**Source material**.

>>>

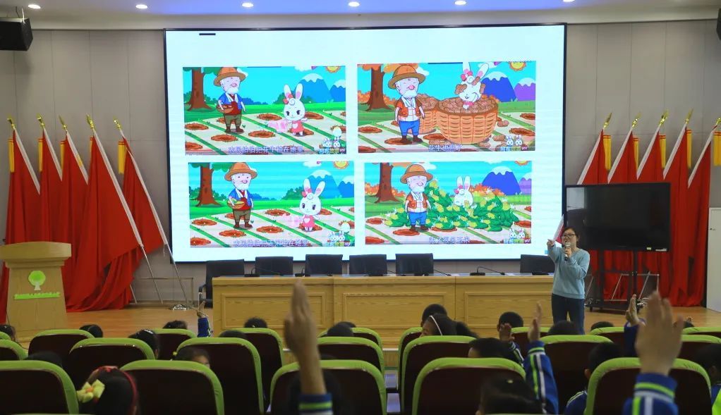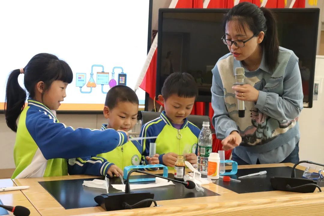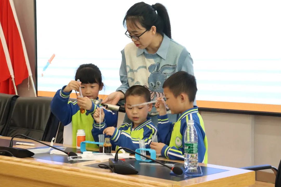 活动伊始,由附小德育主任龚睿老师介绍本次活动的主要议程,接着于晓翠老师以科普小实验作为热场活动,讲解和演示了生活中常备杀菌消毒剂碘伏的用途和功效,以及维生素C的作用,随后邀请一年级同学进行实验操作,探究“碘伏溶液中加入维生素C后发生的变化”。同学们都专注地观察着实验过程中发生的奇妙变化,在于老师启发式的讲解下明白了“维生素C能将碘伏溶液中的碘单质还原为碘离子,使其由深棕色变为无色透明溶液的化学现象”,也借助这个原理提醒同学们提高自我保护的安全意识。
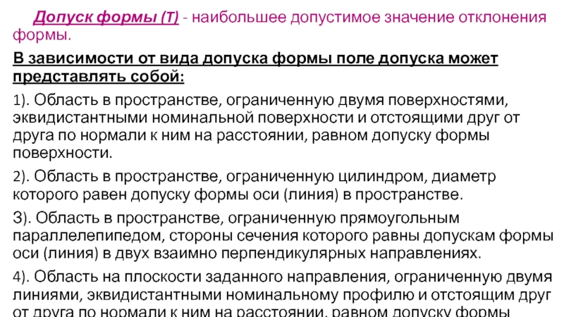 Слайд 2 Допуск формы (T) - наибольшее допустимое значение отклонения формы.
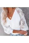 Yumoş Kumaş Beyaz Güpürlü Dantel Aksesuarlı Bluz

<<<

**Directions for this task**.
Write every line above out again exactly; pictures do not belong in the copy.

**Your response**.
 活动伊始,由附小德育主任龚睿老师介绍本次活动的主要议程,接着于晓翠老师以科普小实验作为热场活动,讲解和演示了生活中常备杀菌消毒剂碘伏的用途和功效,以及维生素C的作用,随后邀请一年级同学进行实验操作,探究“碘伏溶液中加入维生素C后发生的变化”。同学们都专注地观察着实验过程中发生的奇妙变化,在于老师启发式的讲解下明白了“维生素C能将碘伏溶液中的碘单质还原为碘离子,使其由深棕色变为无色透明溶液的化学现象”,也借助这个原理提醒同学们提高自我保护的安全意识。
 Слайд 2 Допуск формы (T) - наибольшее допустимое значение отклонения формы.
 Yumoş Kumaş Beyaz Güpürlü Dantel Aksesuarlı Bluz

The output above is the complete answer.